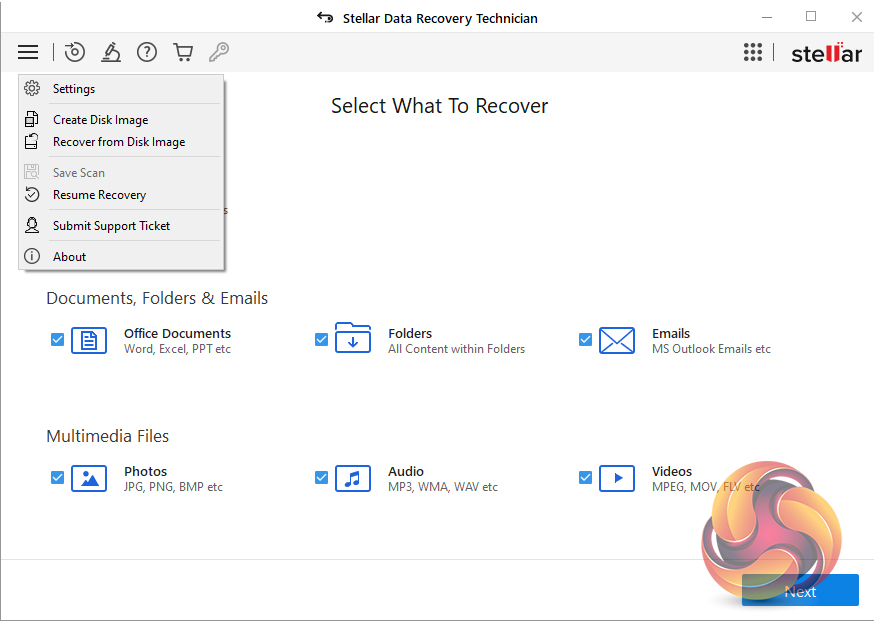 With this dropdown menu, you can access Settings (configure general, file types and recovery settings), Create a Disc Image, Save Scan (save scan information for resuming recovery at a later stage) Resume Recovery (resume recovery by using a scan information file), Submit Support Ticket and in the About option there is a link to the Help webpage.
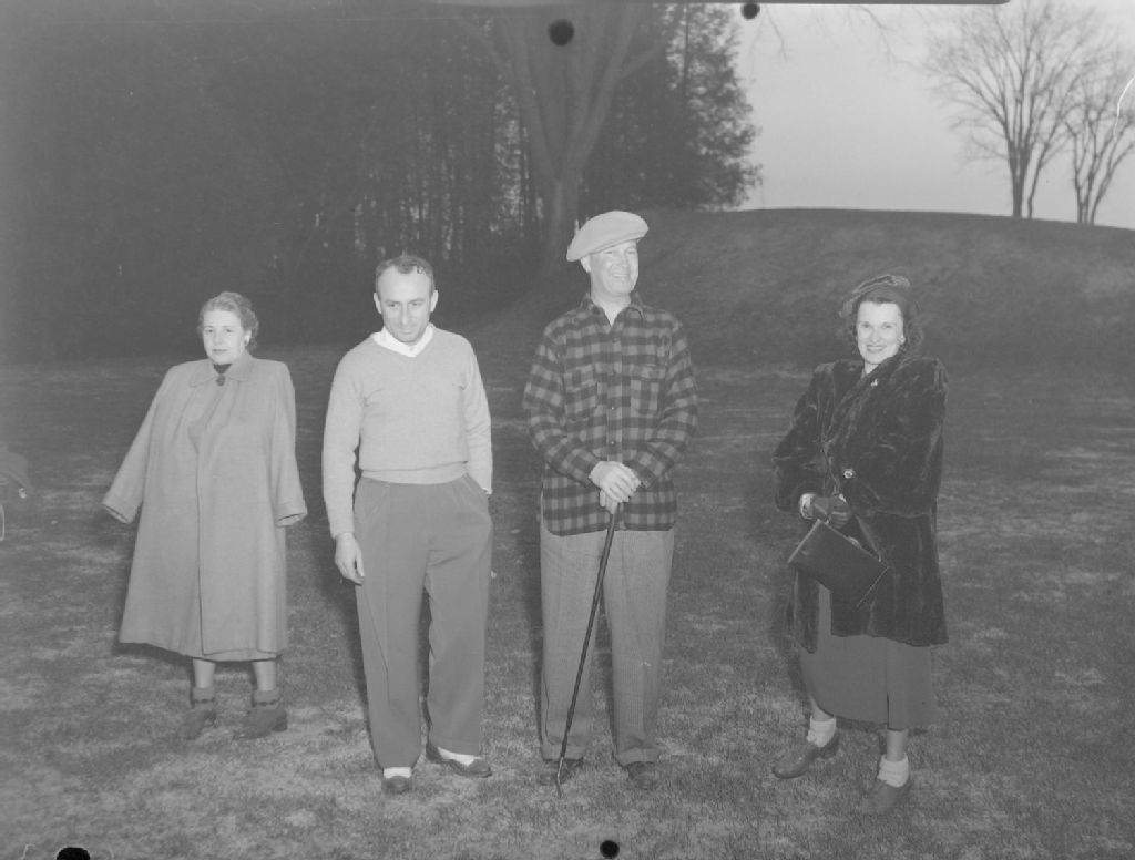 Le chanteur fantaisiste français Maurice Chevalier, en chemise à carreaux, joue au golf au club de golf Islesmere de Sainte-Dorothée de Laval
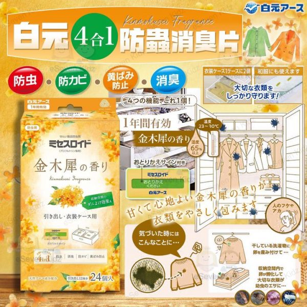 [J403262] 日本白元4合1衣櫃防蟲消臭片(金木犀香味)-24片裝

> **WHAT YOU NEED TO DO**:
Produce the full material again verbatim, with the pictures dropped.

> **SOLUTION**:
 With this dropdown menu, you can access Settings (configure general, file types and recovery settings), Create a Disc Image, Save Scan (save scan information for resuming recovery at a later stage) Resume Recovery (resume recovery by using a scan information file), Submit Support Ticket and in the About option there is a link to the Help webpage.
 Le chanteur fantaisiste français Maurice Chevalier, en chemise à carreaux, joue au golf au club de golf Islesmere de Sainte-Dorothée de Laval
 [J403262] 日本白元4合1衣櫃防蟲消臭片(金木犀香味)-24片裝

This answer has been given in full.